I'm using Spyder for Python 2.7 on Windows 8. I'm trying to open and read a csv file and see all the data stored in it, but this is what I get instead:我在 Windows 8 上使用 Spyder for Python 2.7。我试图打开并读取一个 csv 文件并查看其中存储的所有数据,但这是我得到的:

runfile('C:/Users/John/Documents/Python Scripts/FLInsuraneFile.py', wdir='C:/Users/John/Documents/Python Scripts')
<_io.TextIOWrapper name='FL_insurance_sample.csv' mode='r' encoding='cp1252'>

How can I open the file properly?如何正确打开文件?

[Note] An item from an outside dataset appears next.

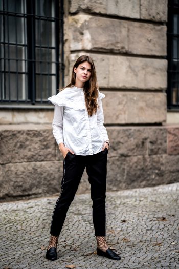Netzstrümpfe und Rüschenbluse
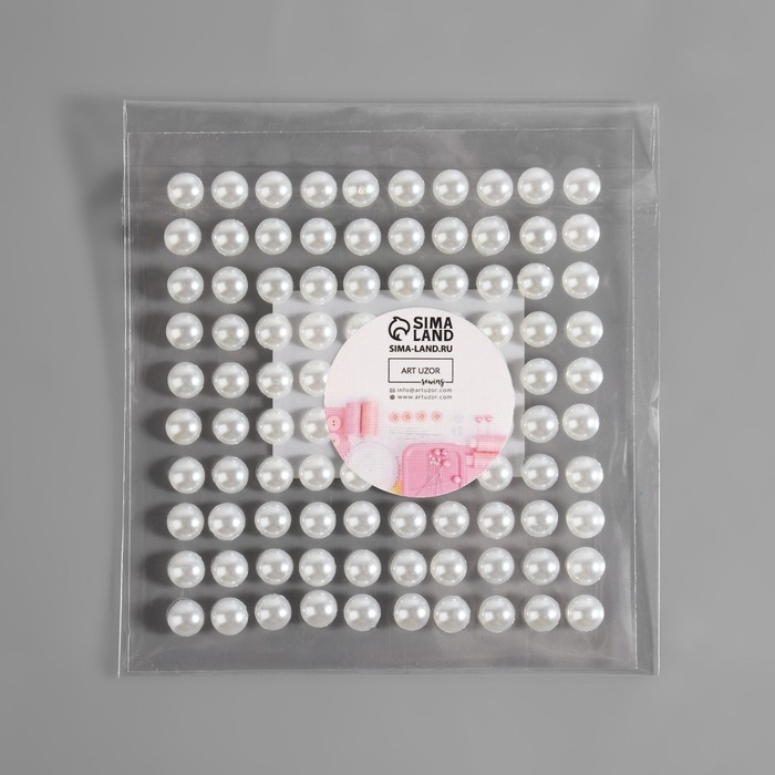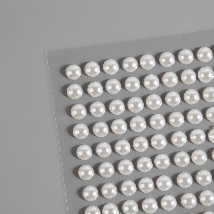 Жемчуг самоклеящийся, d = 6 мм, 100 шт на листе, цвет белый

You can use builtin library您可以使用内置库

import csv
with open('names.csv') as csvfile:
    reader = csv.DictReader(csvfile)
    for row in reader:
        print(row['first_name'], row['last_name'])

https://docs.python.org/3.5/library/csv.html https://docs.python.org/3.5/library/csv.html

You can use the pandas library:您可以使用pandas库:

import pandas as pd
csvfile = pd.read_csv('path_to_file')
print(csvfile)

If you want to add custom headers to the file use the names argument otherwise it will just take the first row of the file as the header.如果要将自定义标题添加到文件中,请使用names参数,否则它将仅将文件的第一行作为标题。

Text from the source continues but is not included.